American novelist (1854–1907)

Julia Magruder (September 14, 1854 – June 9, 1907) was an American novelist. Most of her novels are love stories in which the heroine must face obstacles in pursuit of her goal to find true love. Several of her novels were serialized in the Ladies' Home Journal. A week before her death she received the award from the Académie Française for which she had been nominated a year earlier.

== Early life ==
Julia Magruder was born in Charlottesville, Virginia, in 1854. She grew up during the American Civil War, an experience that informed her sympathetic portrayals of the South in her later work. She was the youngest of the three daughters of Allan Bowie Magruder, a prominent Virginia lawyer, and his wife, Sarah née Gilliam.
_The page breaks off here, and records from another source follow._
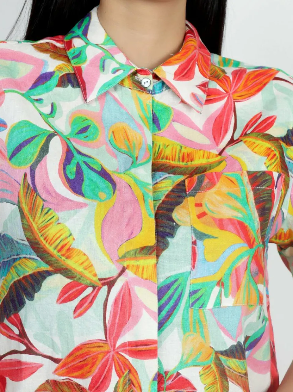 - Lässige Sommerbluse aus Leinen mit Tropendruck
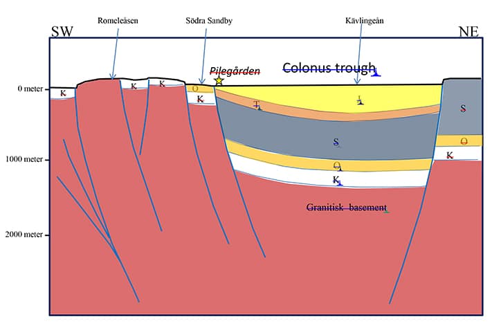 – Kort fortalt gjennomskjæres Skåne av et nordvest-sørøstgående forkastningskompleks som kalles Sorgenfrei-Tornquistsonen. Nordøst for denne finner vi Det baltiske skjoldet med grunnfjellsbergarter, mens vi i sørvest finner sedimentære bergarter.
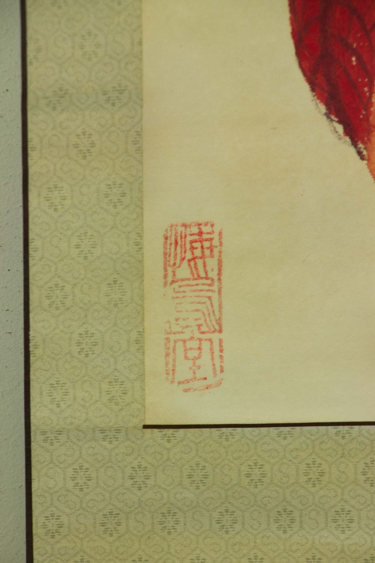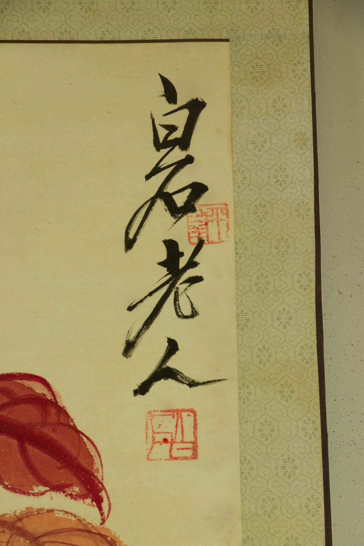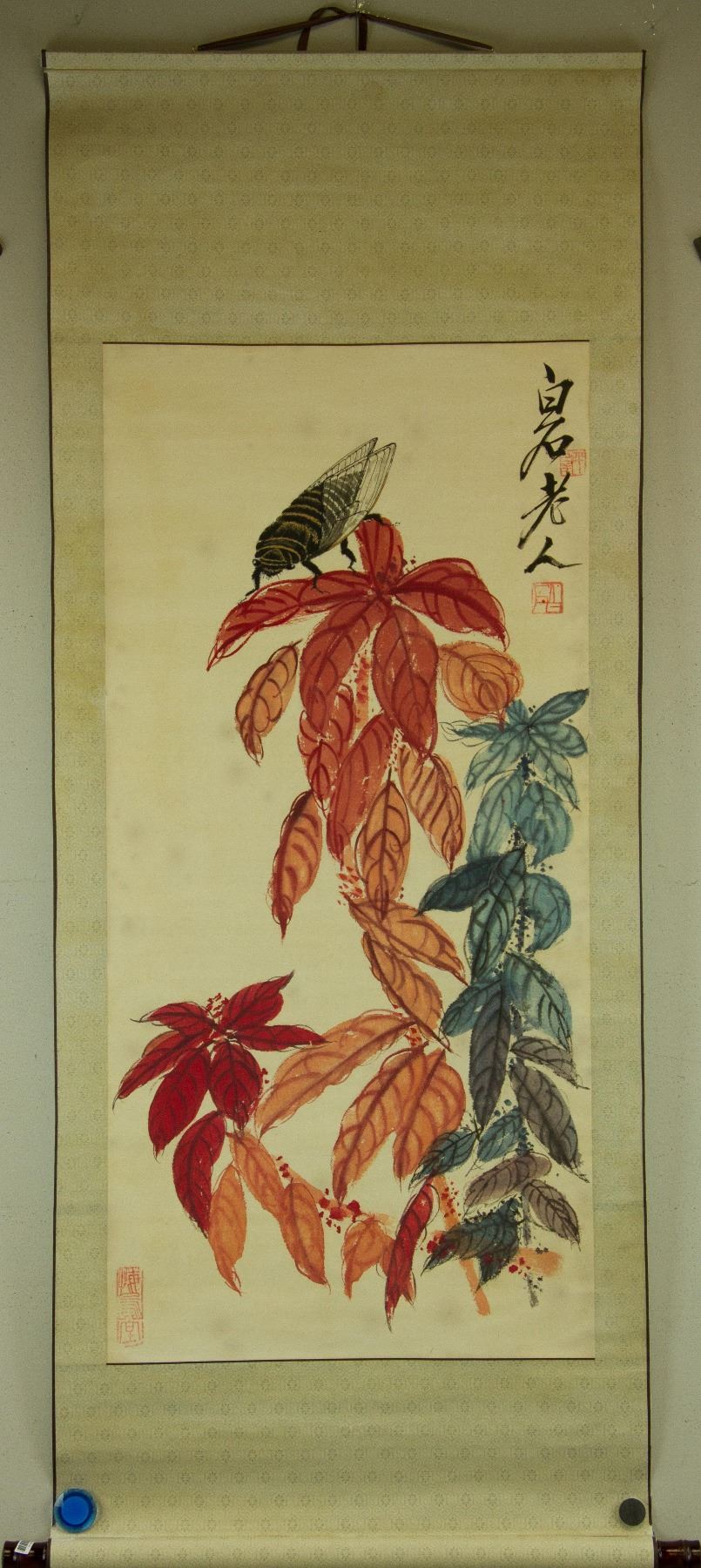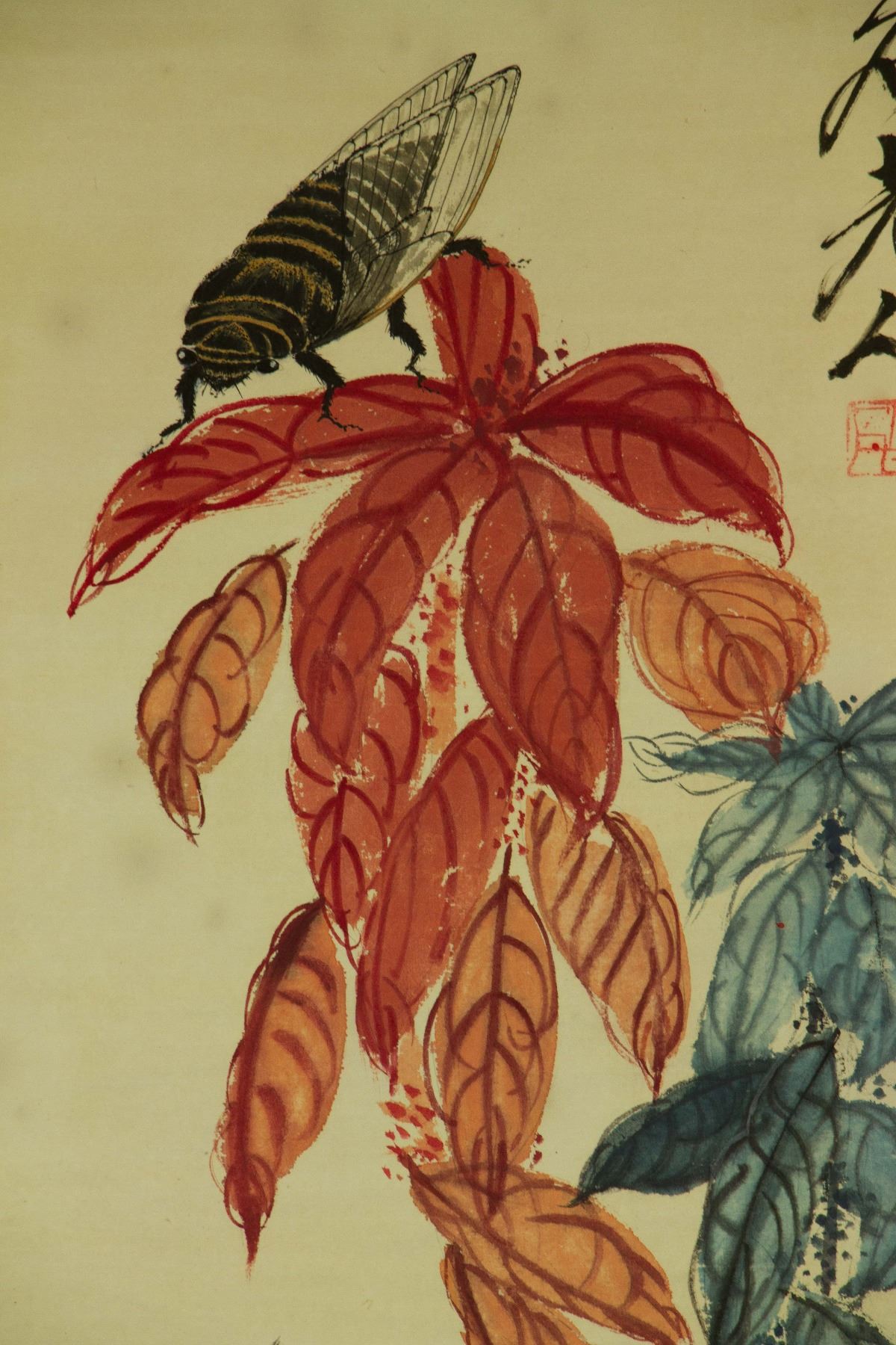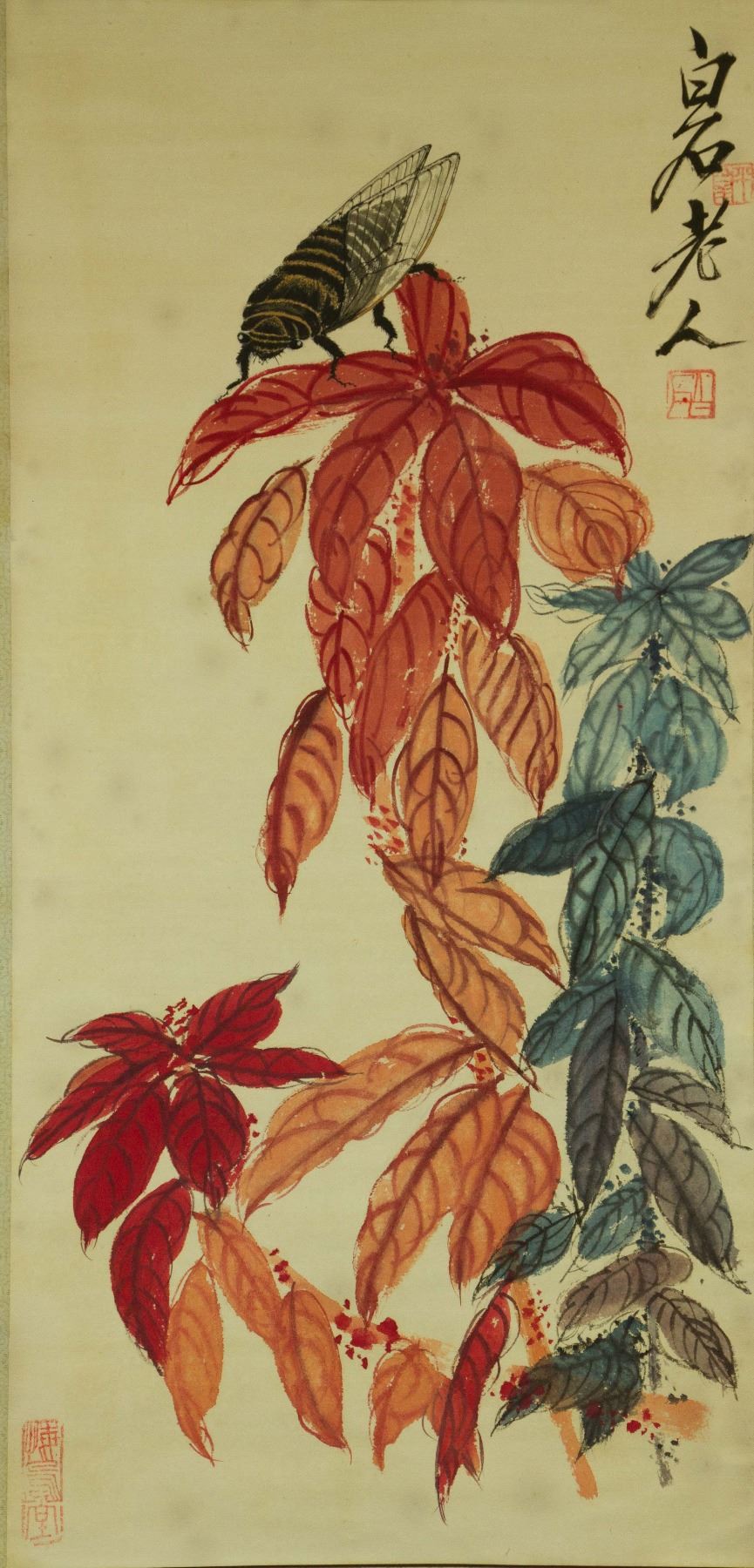 Red leaves and cicada; Chinese ink and watercolour on paper; hanging scroll; signed Qi Baishi (1864-1957); inscribed with 3 artist seals; 132 cm × 57 cm

Magruder spent her early childhood in Charlottesville. At three, the family moved to Washington, where her father practiced law and she and her sisters began their schooling. The family divided their time between Washington and Virginia, where Magruder and her sisters were educated by their parents and governesses. During this period, she developed a deep admiration for George Eliot.

== Career ==
As a child, Magruder showed no sign of writing talent, but she published her first story, "My Three Chances," in a Southern newspaper at sixteen. Encouraged by its reception, she went on to write sketches, children's stories, fiction, and short magazine pieces in rapid succession. Her first important work, Across the Chasm (1885), appeared anonymously in Ladies' Home Journal. The story follows a Southern girl who marries a Northern man, and examines the prejudices of both regions.

== Personal life ==
A close friend, Amélie Rives Troubetzkoy, often hosted her at Castle Hill, where she did some of her writing.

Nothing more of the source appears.